池仇笑笑:“两年前开始些,因为前一年一次的误诊事件,加起来不就是三年?”
宴菟儿一拍桌子:“对呀,三年。”
“三年前这个病例让他决意整理病例,说明对他触及很深,也许江老开始礼佛也是因为这个。”丁飞烟补充道。
李远适时的赞叹道:“飞烟真聪明。”
可惜这只是“适时”而非“适合”,他的话引来了宴菟儿和丁飞烟双双白眼。
一条多好的推论,池仇那个傻大个都听出了,她一个经手人别人提醒了,还没有反应过来,宴菟儿心中烦闷,本想喝一口闷酒,听到李远的话:“你陪我喝。”
“这……”李远自然不愿意,你心里闷,关我啥事。
“活该。”飞烟的话,让李远不情愿的举起杯子,艰难的喝下,脸上皱纹更显的老气。
宴菟儿见李远喝完,举起杯子,丁飞烟按住她的手:“喝啥,赶紧看看是哪个病例。”
李远痛苦的看着宴菟儿放下手中的杯子,脸儿皱成个菊花样。
江老的日志有许多本,宴菟儿今日倒是办了一件巧事,因为这些日志,这回忆录,前无序,后无尾,看不出来那本是第一本,她担心遗漏,通过比较,找出两本看似最早的日志去问问齐大夫,其中一本正是第一本。
第一个病例也是齐大夫嘴中的孕妇误食之后丧命的案例。
宴菟儿看后,一脸沮丧:“并没有患者的姓氏和住址。”
“怎么会?”丁飞烟拿过那本日志:“江老有记录病患年纪和姓氏的习惯呀。我们今天不是整理了不少名单吗?”
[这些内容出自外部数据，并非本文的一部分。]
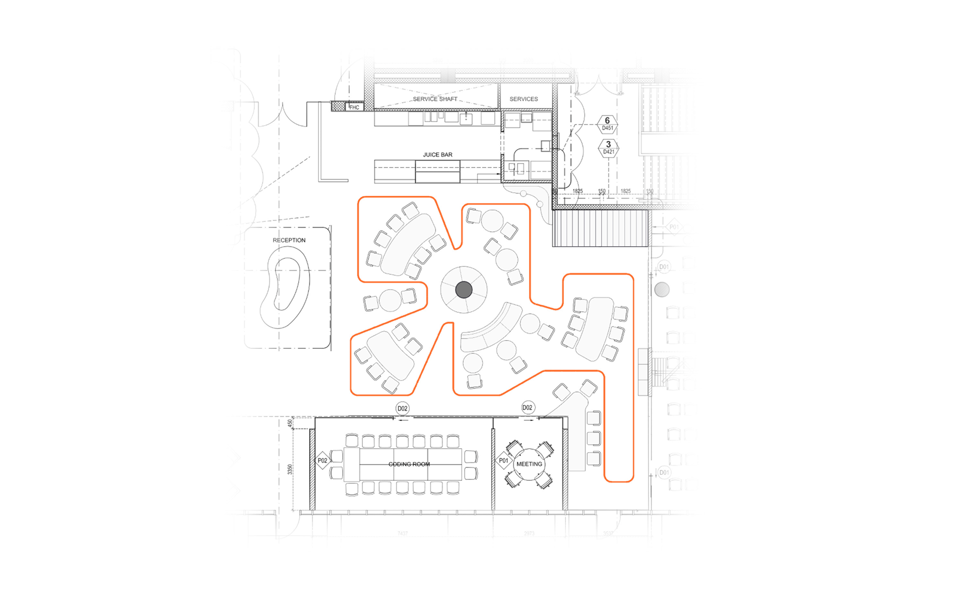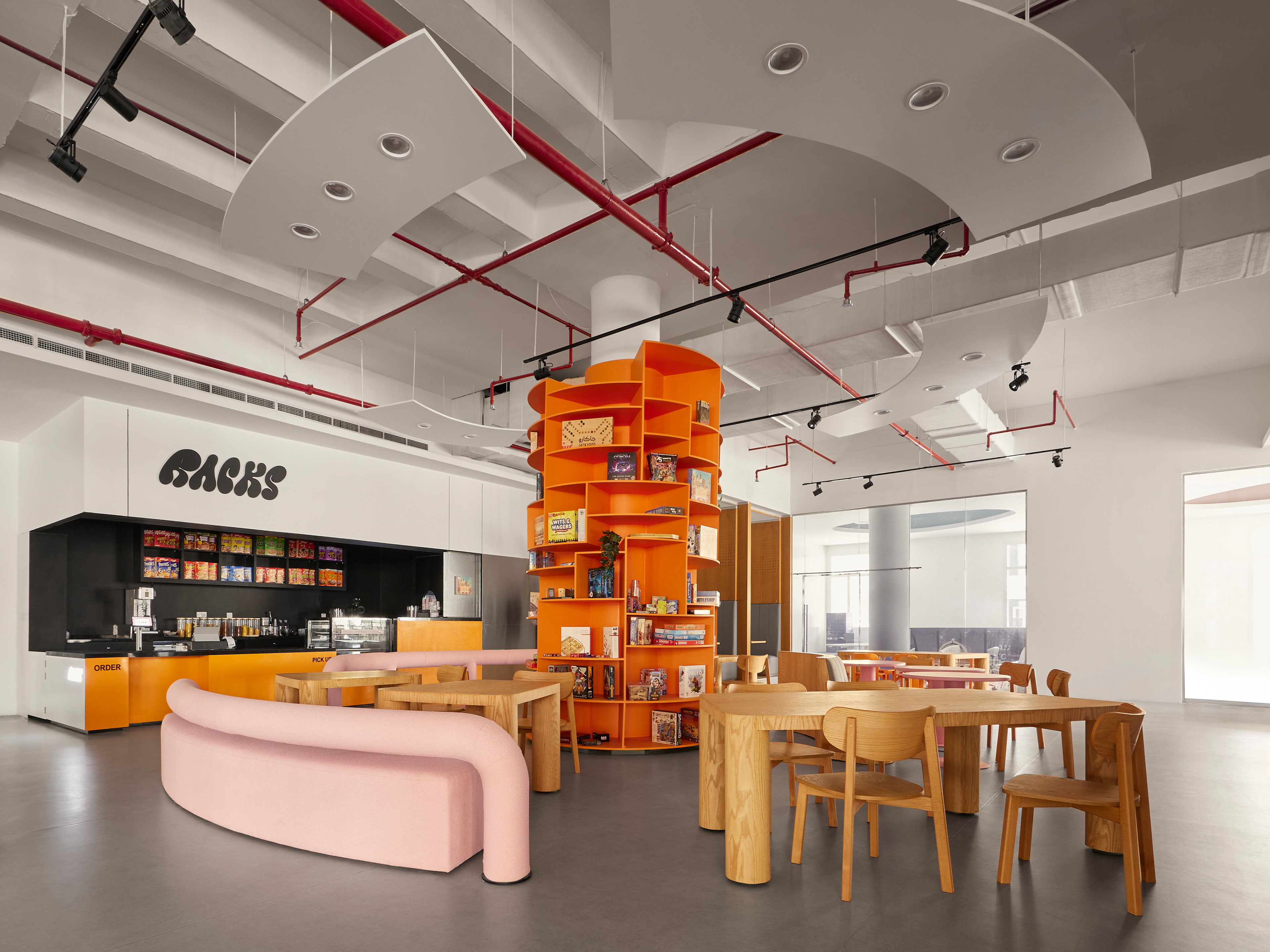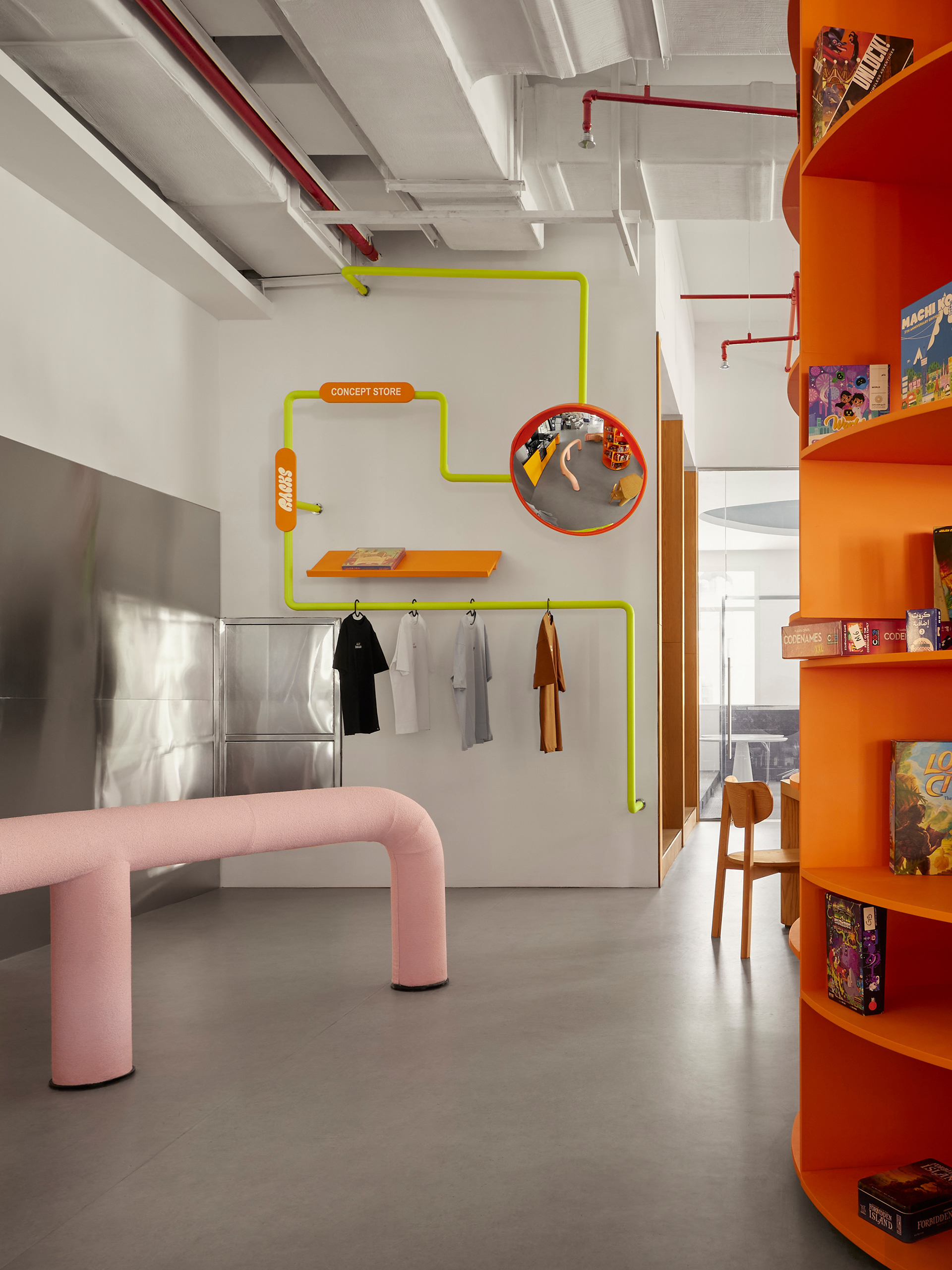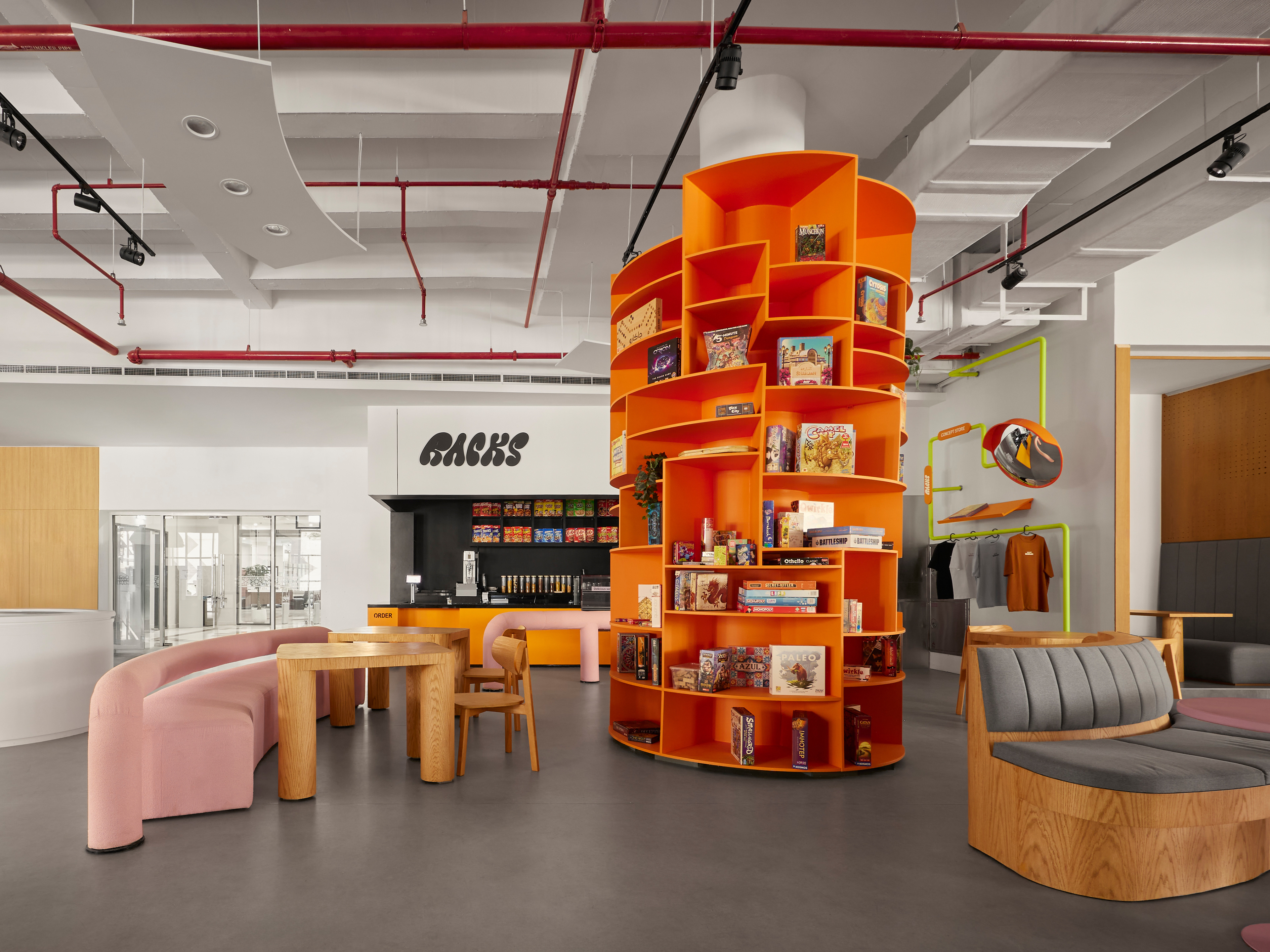 The main design solution was to use the idea of a board game as the foundation for the café’s layout. Upon receiving the space, they discovered a large circular column right in the center. This led to the idea of turning a drawback into an advantage by wrapping the column with asymmetrically placed orange shelves, creating a sense of dynamism. As a result, this central feature becomes a focal point, with different guest zones forming around it.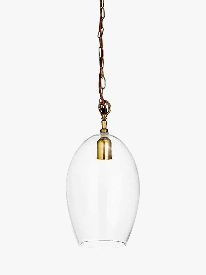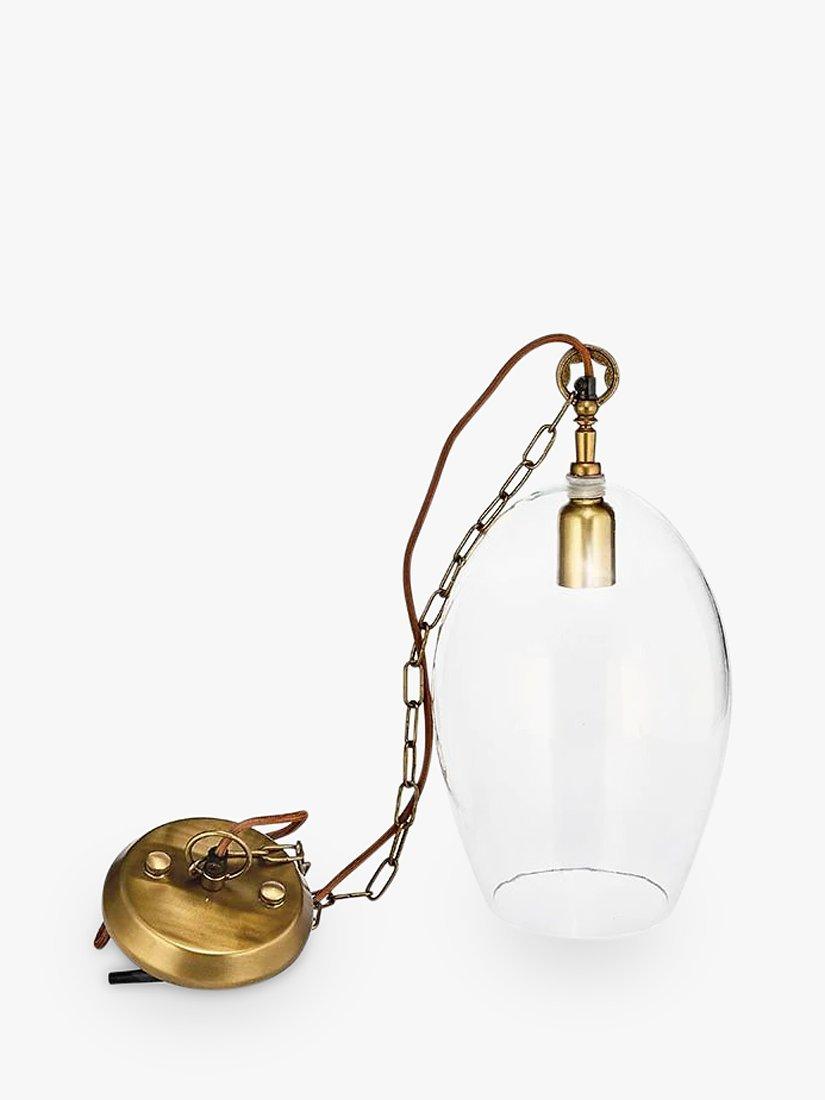 The nkuku Otoro pendant light creates an elegant, modern look. Made from recycled glass with a brass ceiling rose adding a pop of colour, it's finished with a brown braided cord. The light is handmade in India by skilled artisans using traditional techniques.

“那些应该是最近一些江老诊治的案例,有记录,早期的一些,尤其是回忆部分,只有性别、年岁,估计既然逝者已逝或者病患已好,就没有记录了吧。”宴菟儿一天差不多看完了大部分的日志,即便不可能逐字逐条的看,但大概的规律还是清楚的。
“这可难办了,明天还得去问问齐大夫,不晓得她知不知道那位病患的情况。”丁飞烟草草扫过那份记录,确实没有记录,只写着女,芳龄二十五岁。
一直没有说话的王茗慧插话道:“能给妾身看看吗?”
丁飞烟不是很情愿,不过还是将手中的日志递给了王茗慧:“妾身?你是河东的太原王氏?”
七宗五姓在唐朝被称之为山东士族,这里的山东并非齐鲁,而是崤山以东,无论是太原王氏还是博陵崔氏、清河崔氏、范阳卢氏,当时家族都在黄河以北、崤山以东,那里曾经是士族门阀最为繁荣的地方,天罚之灾后,黄河以南的诸侯崛起,河东的燕代一带因异族常年南侵,在太原王氏所建之国溃灭之后,都曾被岩煌部落侵占过,大部分士族都迁居到齐鲁、中原,守望相助,也就是青州、兖州、豫州。在这里,河间诸侯筑城修堡,通过多次抗击运动逐渐显赫,所以狭义的河间诸侯仅限于黄河、淮河之间,也就是山东、河南,外加苏北、皖北一带。
然而裂土割据的诸侯在河北、山西也有分布。加之范阳卢氏和清河崔氏大本营仍在河北,所以广义的河间诸侯也包含了河东。